Question

If a and b are the zeroes of \[{x^2} - 2x + 3 = 0\], find the polynomial whose zeroes are a+2, b+2.

Answer 1

Hint: Zeroes means the same as roots. Use the relation between the coefficients of the quadratic equation and the sum and product of roots, to establish relations between the given roots.
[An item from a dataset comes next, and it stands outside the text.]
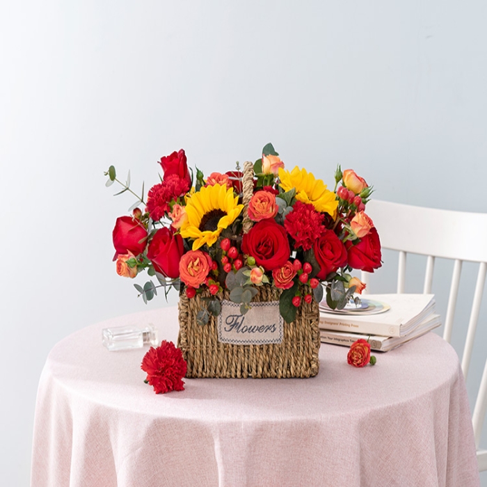红色康乃馨11枝、卡罗拉红玫瑰11枝、向日葵3枝

Use these formed relations to form a polynomial.

Complete step-by-step answer:
Given quadratic equation
\[ \Rightarrow {x^2} - 2x + 3 = 0\]
Now it is given that a and b are the zeroes of the equation, and we know zeroes are nothing but the roots of the equation.
Now as we know that the sum of the roots of the quadratic equation is the ratio of negative times the coefficient of x to the coefficient of x2.
$ \Rightarrow a + b = \dfrac{{ - \left( { - 2} \right)}}{1} = 2$……………………. (1)
And the product of roots is the ratio of constant term to the coefficient of x2.
$ \Rightarrow ab = \dfrac{3}{1} = 3$………………………………. (2)
Now we have to find the quadratic equation whose roots are (a + 2) and (b + 2).
So the sum (S) of the roots is (a + 2 + b +2) = a + b +4
From equation (1) we have,
$ \Rightarrow S = a + b + 4 = 2 + 4 = 6$
And the product (P) of the roots = (a + 2)(b + 2)
$ \Rightarrow P = ab + 2\left( {a + b} \right) + 4$
Now from equation (1) and (2) we have,
$ \Rightarrow P = 3 + 2\left( 2 \right) + 4 = 3 + 4 + 4 = 11$
So the general quadratic equation is
$ \Rightarrow {x^2} - \left( {{\text{sum of roots}}} \right)x + \left( {{\text{product of roots}}} \right) = 0$
So substitute the value of S and P in the above equation we have,
$ \Rightarrow {x^2} - 6x + 11 = 0$
So this is the required quadratic equation.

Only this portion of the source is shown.